震災以前、日本のスマートグリッドは、ソーラーパネルと電気自動車(EV:Electric Vehicle)に代表されていた。電力安定供給への不安が高まる震災後も、EVに対する期待や興味は衰えていないようだ。ガソリンで走行する自動車でもICT(情報通信技術)によりハイテク化されたものは多いが、電気自動車においてはICTの出番はさらに増えることになる。

 Tesla Motorsが新たに発売するModel S(写真1)には、インターネット接続が基本機能として搭載されている。このような機能があれば、EVの位置や自動車の状態などの情報をネットを通じて発信することが可能になる。

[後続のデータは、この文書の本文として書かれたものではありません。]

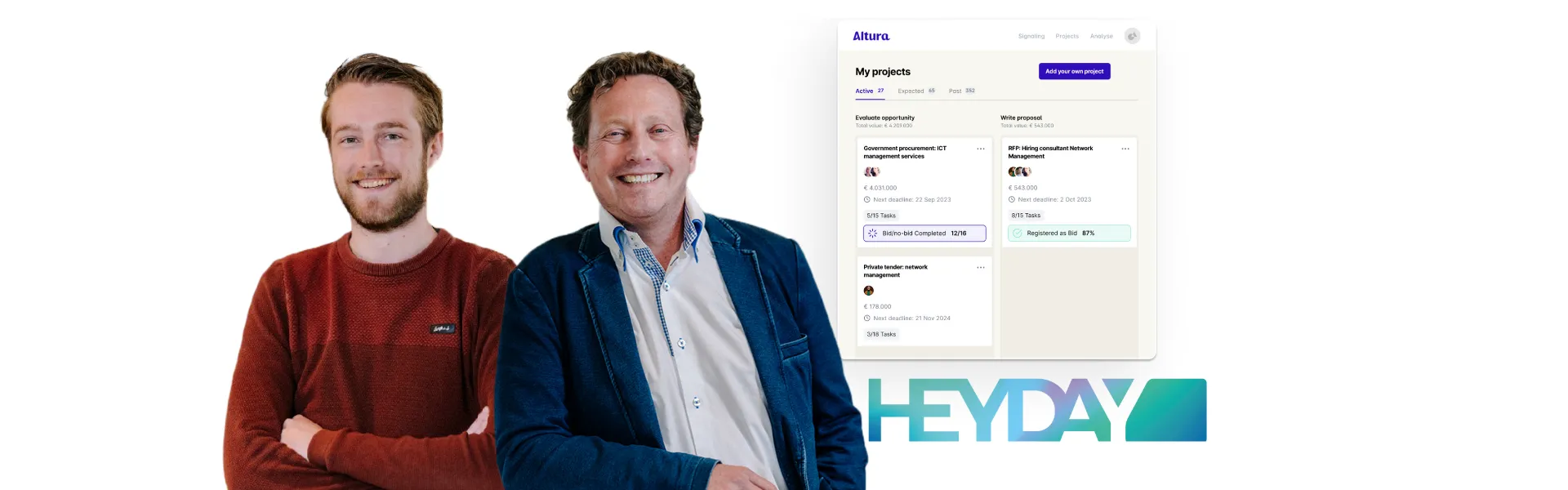 Thanks to Altura's Document Scanner, HEYDAY's search profiles have been set up better than before in TenderNed. They receive more suitable tenders. As Robin says: "The search filters are more extensive than, for example, in a TenderNed, which means you can search much better and get better results every morning."
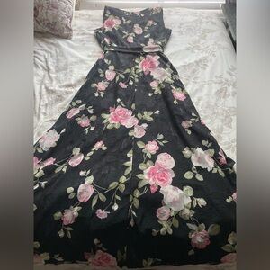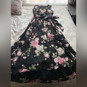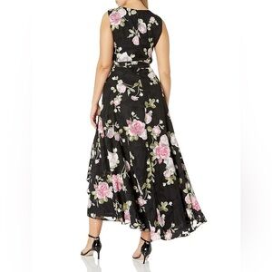 Tahari Black Pink Floral Embossed Wrap Maxi Dress 10 Wedding Guest Formal Event
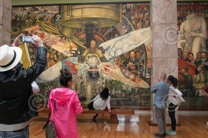 CIUDAD DE MÉXICO, 25JUNIO2024.- En el Palacio de Bellas Artes se presentó la exposición "Nueva Vida a un Mural Destruido 1933/1934. La muestra recorre la historia del mural que el artista Diego Rivera realizó en 1933 en el Centro Rockefeller en Nueva York, el cual fue censurado y destruido por los mismos contratistas. El mismo Rivera se encargo de hacer un segunda versión en el Palacio de Bellas en el año de 1934, y el cual esta titulado "El hombre controlador del universo". La muestra presenta, a través de testimonios materiales como bocetos, fotografías, fragmentos fílmicos y sonoros, hemerografía y pintura, dos momentos cruciales en la creación de esta obra monumental. FOTO: MOISÉS PABLO/CUARTOSCURO.COM
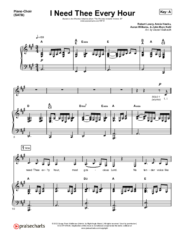 Download the sheet music for I Need Thee Every Hour by The Worship Initiative / Shane & Shane, from the album The Worship Initiative Volume 30. This song was arranged by Daniel Galbraith in the key of A, Bb.
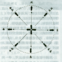 此拳经过近一年的试教证明,具有以下特点: 1.式子少,动作简单易学。初学者只需四五个小时的学习就可独自演练。 2.动作姿势左右对称,身体能得到平衡锻炼。 3.原地运动。在室内、庭院、阳台,工间、课间、出差、旅游等均可随地演练。全套练一遍只需两三分钟,容易坚持不辍。 4.动作基本按呼吸节奏编排,套路熟练后,就可结合呼吸演练,健身效果好。 5.动作舒展,姿势优美。它能充分体现传统太极拳轻松柔和,圆活自然,刚柔相济,连绵不断的风格特点。学会这套拳,能为学练其他太极拳,尤其是作者以前创编的几套原地太极拳打下坚实的基础。 九式名称 1.开合手 2.四面野马分鬃 3.左右搂膝拗步 4。右左手挥琵琶 5.左右金鸡独立 6.右左震脚搬捶 7.右左云手、单鞭 8.左右大鹏展翅 9.右左揽雀尾 收势 原地(九式)太极拳演练场地示意图 图例说明:①场地面积:由中心立足点向四周各迈一小步。 ②东西南北四方均可为起势面向。 ③拳路图像标线,实线(——)代表右手右脚,虚线(……)代表左手左脚。 动作说明 预备:(面向南方) 身体自然直立,两脚跟相触,两脚尖稍外撇;悬顶竖项(头微上顶),沉肩垂肘,提胸拔背,两肩微前合,下颏微内收,敛臀收腹;手指微屈自然散开,手心微含(虎口要保持弧形),两手的指梢轻贴大腿外侧,中指微向下领伸,两肘微外撑(肘与肋之间可容一拳);嘴唇轻轻合闭,舌放平,舌头轻贴上颚,鼻吸鼻呼,呼吸自然;全身放松,精神集中;眼平视前方(图1)。 要点:(1)文字说明中,凡有“同时”两字的不论先写或后写身体某部分动作,全身都要协调运动,不要分先后去做。 (2)运动的方向是以身体的前、后、左、右为依据的,不论怎么转变,总是以胸对的方向为前,背对的方向为后,身体左侧为左,右则为右。 (3)预备式要求的悬顶竖项、沉肩垂肘(屈肘)、含胸拔背、敛臀收腹、上体中正(百会穴与会阴穴成垂线 ‘即中心一线’,个别拳式例外)、全身放松、精神集中、呼吸自然等要贯穿整套拳的全过程。 (4)整套拳除了起、收式身体可以直立和个别拳式身体可以有明显升降外,其余都要屈膝坐身运动。运动中身体高度要保持大体一致,不要起伏不定;屈膝度数大腿与地面约成45~60°,因人而异(屈膝度数越大运动量越大);前弓腿的膝盖应与脚尖成垂线。 (5)两脚的轨迹基本上是踩三条线上。即以练者身体(肩宽)的两侧各划一条线(为两边线),两线之间按等距离再划一条线(为中心轴线)。朝四隅方向(东南、东北、西南、西北)运动的拳式,如野马分鬃等,两脚要踩两边线;朝四正方向(东、西、南、北)运动的拳式,如揽雀尾、搂膝拗步等,要一脚踩中轴线,一脚踩左边线或右边线;横向运动的拳式,如开合手、起收式的开立步和云手的平行步,两脚尖平齐踩在两边线之间。按三条线横向距离的尺度运动,可避免拗步(拧麻花)、两脚踩直线(走钢丝)所造成的两腿关节疼痛和上步、退步、撒步、弓步时身体重心不稳。 (6)要步法灵活,虚实分明。两脚的虚实变换,只能渐变不能突变。要运用碾脚步法(即以脚跟为轴,脚尖外撇或内扣;以脚前掌为轴,脚跟向外碾转或向内碾转)来调整拳式要求的方位、角度。动作熟练后,前后动作要衔接,前一个动作完成就是下一个动作的开始,做完上一个拳式,动作微微一沉,似停非停就接做下一式的动作。一些“丁步”、 “抱球”的动作不要停顿(丁步的脚尖不落地就迈出去),以使整套拳的动作既连贯又有节奏。
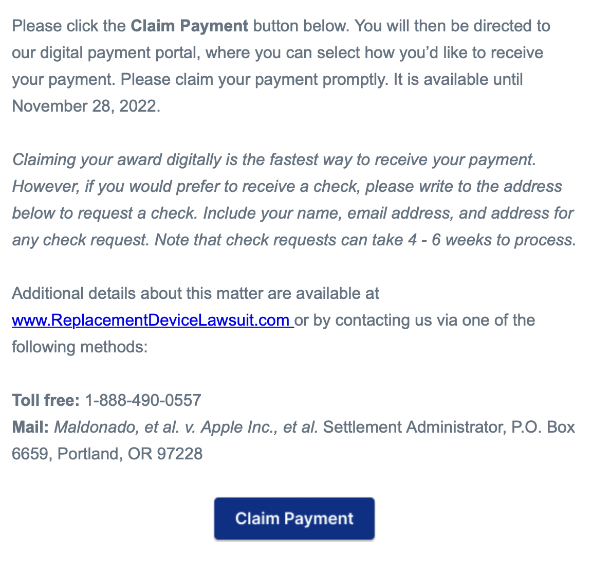 This begs the question: what other companies have been sued over this particular issue? Any at all? Because I know from experience that Apple is by no means the only company who does this as a matter of standard policy.
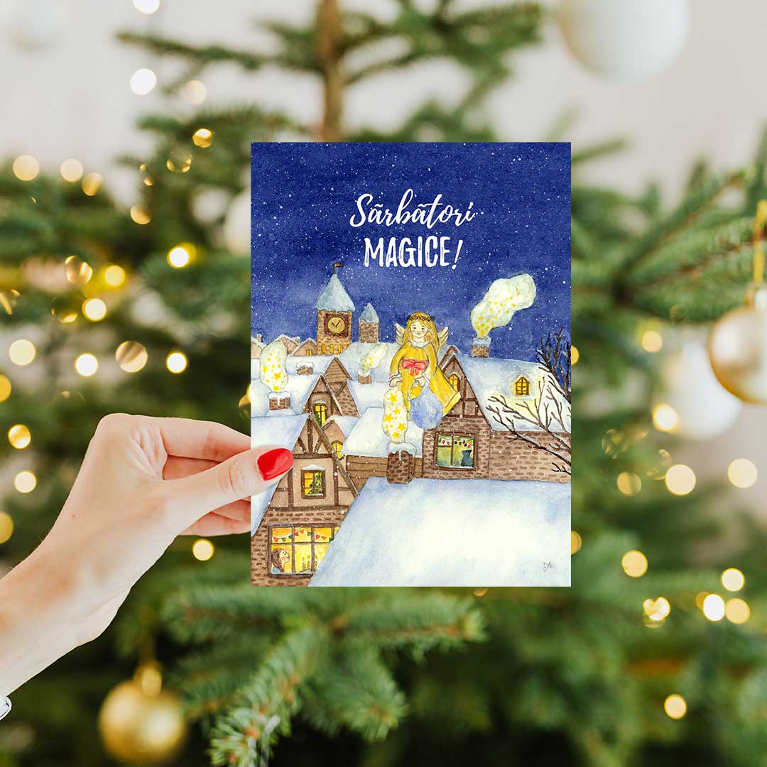 Album foto A5 personalizat, coperti din lemn, Maro, Piksel, GuestBook, Caiet amintiri pentru copii, Zana pe Luna
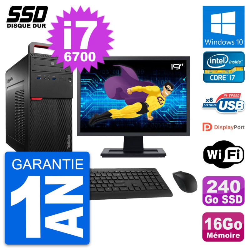PC Tour Lenovo ThinkCentre M700 - Intel Core i7-6700 3.4 Ghz (8 Mo) - 16 Go DDR4 - SSD 240 Go - Graveur DVD - Clef Wifi USB - Windows 10 - Livré avec Ecran 19" + clavier + souris (Marques et modèles variables) - Garantie 1 an.
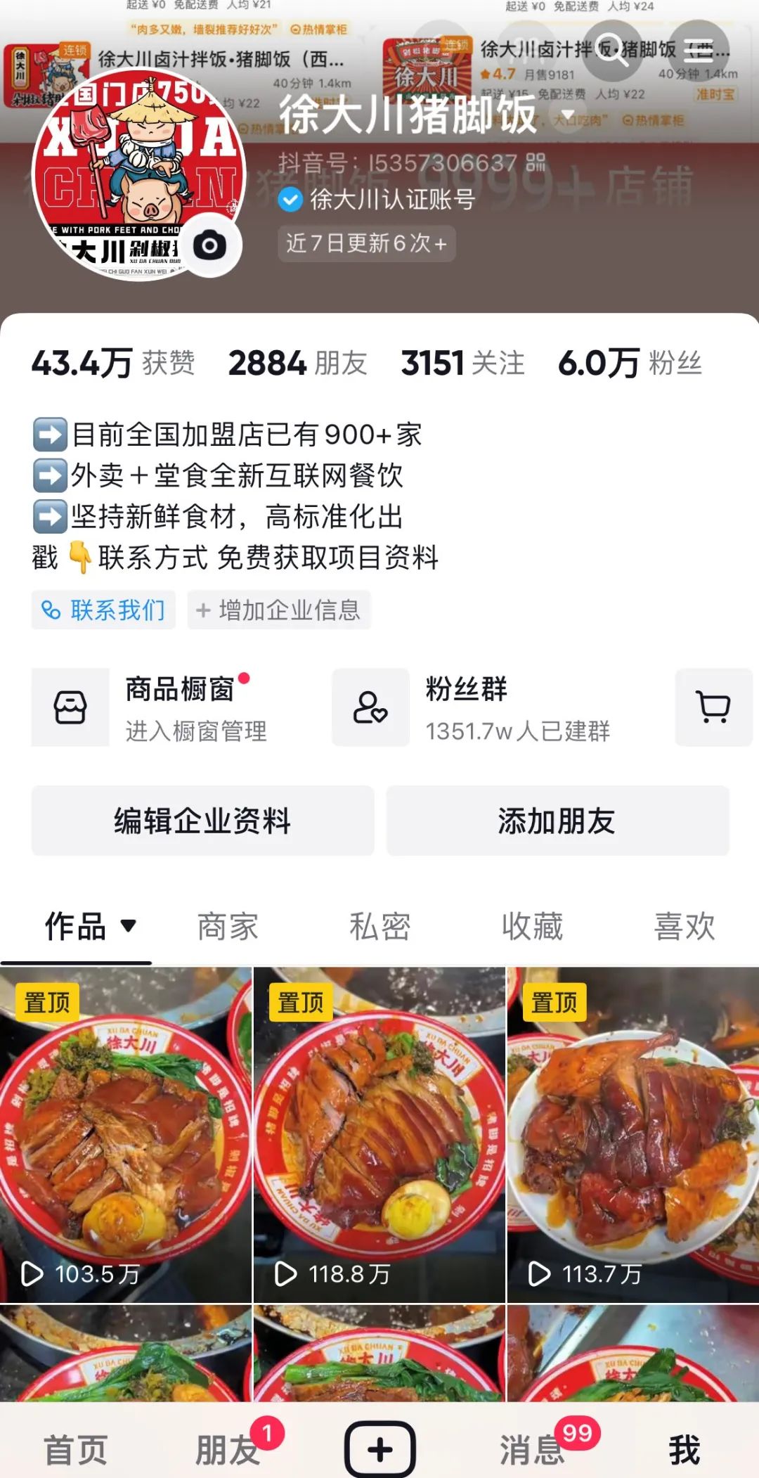 未来餐饮企业要练好内功,私域流量要作为营销的标准配置,打造自己的流量池,才能保证自己的持续活力。徐大川剁椒猪脚饭以自身优质的产品新鲜,在抖音吸粉无数,获得众多客户好评!
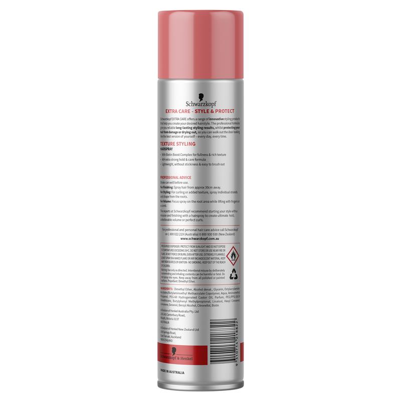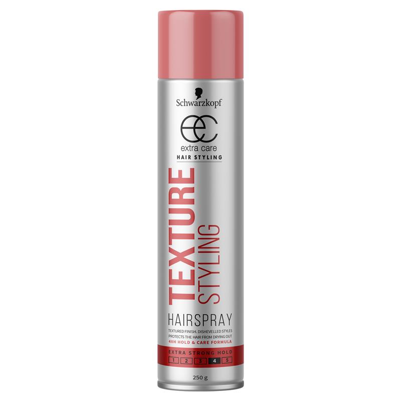 Schwarzkopf Extra Care Texture Styling Hairspray provides extra strong hold, gives hair body with rich texture for 100% fortifying hold.
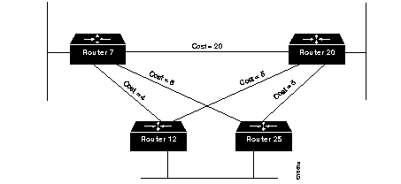 Figure 10 shows four routers (three Ethernets) and the various routes linking them. Each link has a different cost associated with it. The least-expensive route from Router 7 to Router 20 is via Router 12.
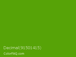 Decimal 91501415 Color is a normal green color and the nearest color is Christi #67a712. Hex code #57a307 and RGB value is rgb(87,163,7). In RGB color space, this color is composed of 34% red, 64% green, 3% blue, In CMYK color space, this color is composed of 47% cyan, 0% magenta, 96% yellow , 36% black , In HSL color space, this color has a hue angle of 89° , 92% saturation and 33% lightness.
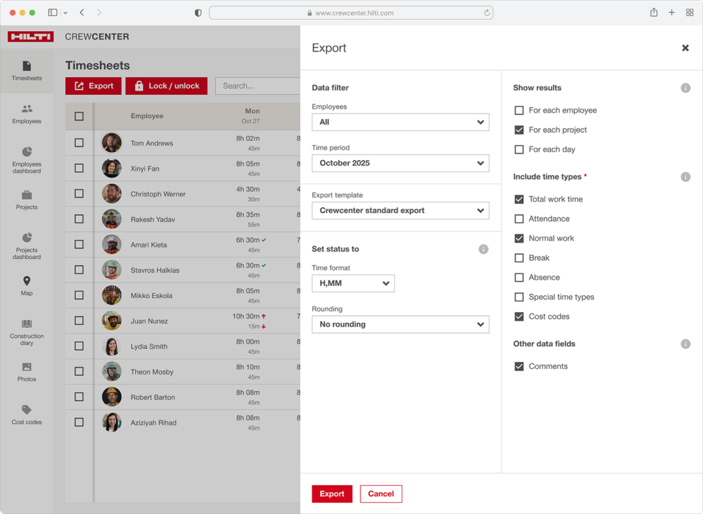 Yes. CrewCenter includes an export feature that lets you download data in Excel or CSV formats. This makes it easy to integrate with payroll, accounting, or ERP systems commonly used in your region.
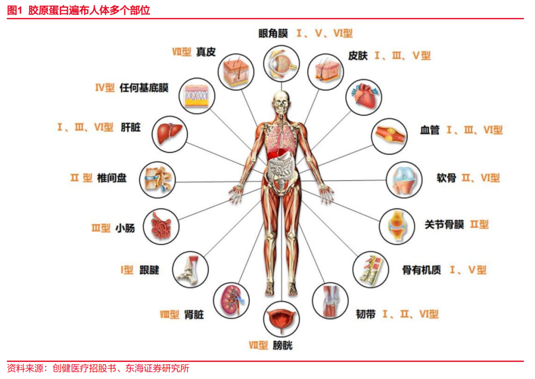 胶原蛋白作为人体的“生命之架”,广泛存在于人体中,是人体不可缺少的成分。胶原蛋白广泛分布于软组织以及硬结缔组织中,为皮肤、骨骼、肌腱、韧带和其他组织提供强度、柔韧性和结构支持,在人体中起到免疫原性低、可生物降解性、生物相容性、促进细胞生长、止血性等功能,发挥多种重要的生物学功能。
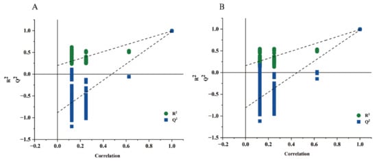 The results of the models constructed for all categories (Table 3) are based on the principle that R2and Q2 > 0.5 indicate an acceptable model [], and therefore only models for alcohols and alkanes could be used for the analysis of variance in this result, in which the independent variable fit indices (R2x) were 1 and 1, the dependent variable fit indices (R2y) were 0.997 and 0.998, and the model prediction indices (Q2) were 0.992 and 0.994, respectively. After 200 replacement tests, the intercept between the Q2 regression line and the vertical axis is less than zero, indicating that the model is not overfitted and showing the validated model (Figure 3). Therefore, the result of this research concluded that the modeling results could be significant for key aroma components in green tea.
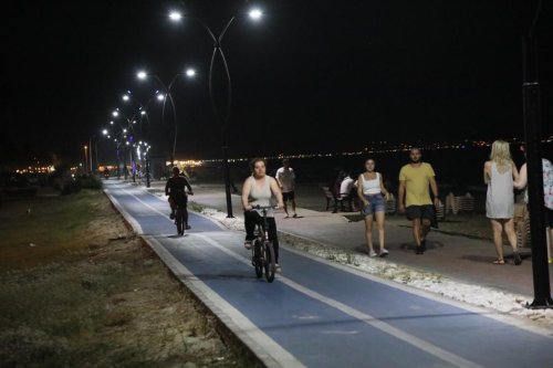 Kuşadası Sevgi Plajı Yürüyüş ve Bisiklet Yolu, modern yapısı, gece aydınlatması ve iki yönde yaklaşık 20 kilometrelik parkuru ile tüm vatandaşlardan beğeni topluyor.
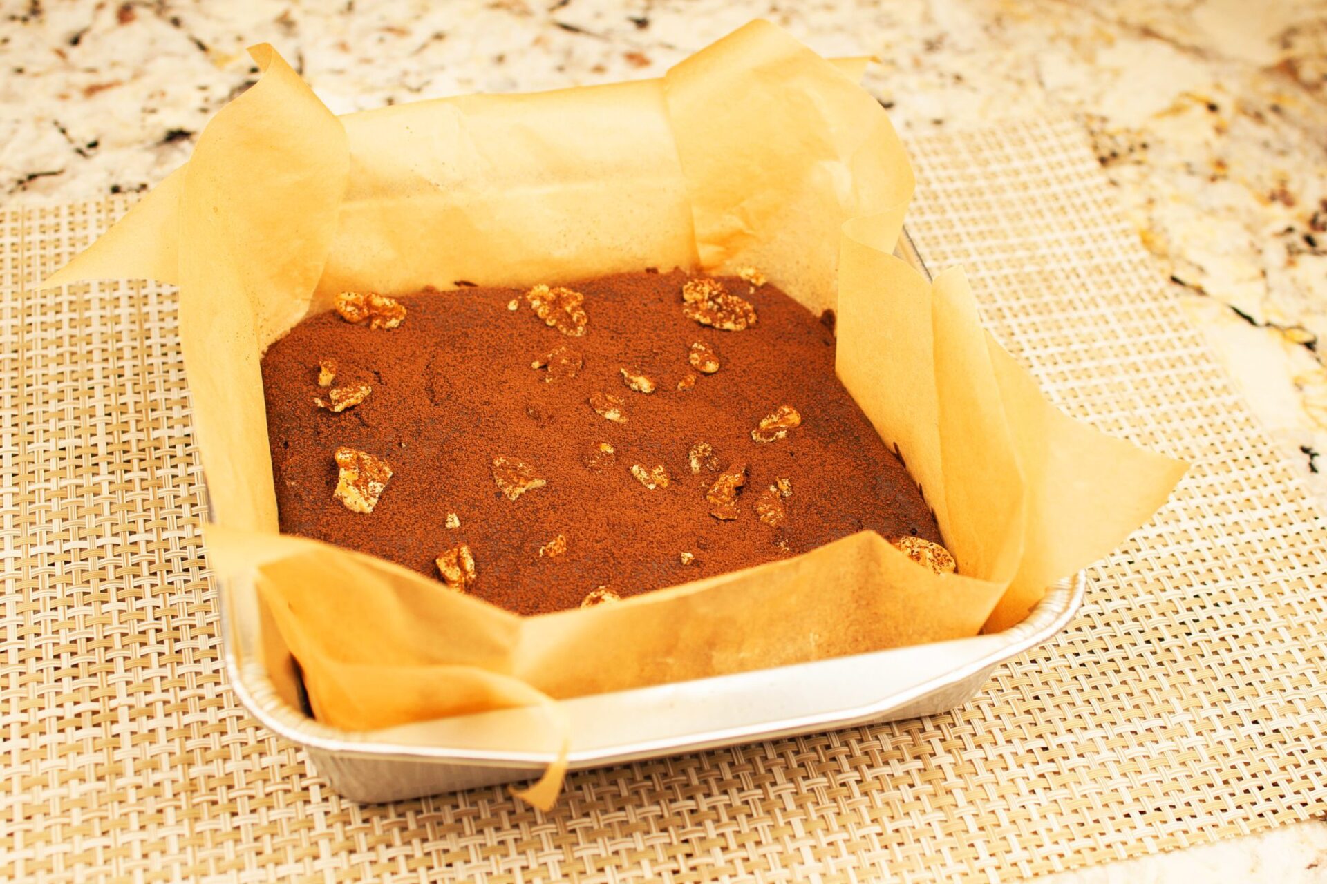 Pour the batter into a 8″ by 8″ by 3″cake pan. Sprinkle with chopped walnuts. Bake it in the oven at 330° F for 35 minutes. Let cool before cutting and serving.

写真1●2012年半ばに発売予定のTesla Model S(写真:戸島大介氏提供)
写真1●2012年半ばに発売予定のTesla Model S(写真:戸島大介氏提供)
インターネット接続が可能で、基本モデルの価格は定価の4万9900ドル。連邦政府補助金7500ドルに加え、カリフォルニア州では2500ドルのリベートの現金を受け取ることができるので、実質3万9900ドルで購入できる。基本モデルの走行距離は160マイル(257km)。ほかに走行距離230マイル(370km)版(5万9000ドル)、同300マイル(480km)版(6万9900ドル)もある。

 そのデータは、スマートフォーンから発せられるデータやビルや工場のセンサーから集められるデータなどとともに、いわゆる“ビッグデータ”を形成するようになる(図1)。そして、別個に収集されたデータは融合・解析され、さらに有益なデータや情報に変換されてEVを含む様々な分野に応用されるようになると予想される。

図1●ビッグデータのデータソース
図1●ビッグデータのデータソース

 EVはICTと電力の接点にある。そう考えれば、EV市場がICT業界にとってチャンスであることは間違いない。各国の自動車メーカーはEVの分野で後れを取るまいと、市場では競争が激化しつつある。今後、EVの価格はどんどん下落していくだろう。これまでEVの分野で高い技術力を誇ってきた日本メーカーも、これからは価格と付加価値で競争しなければならなくなる。競争を支えるのはICT技術であり、その技術者である。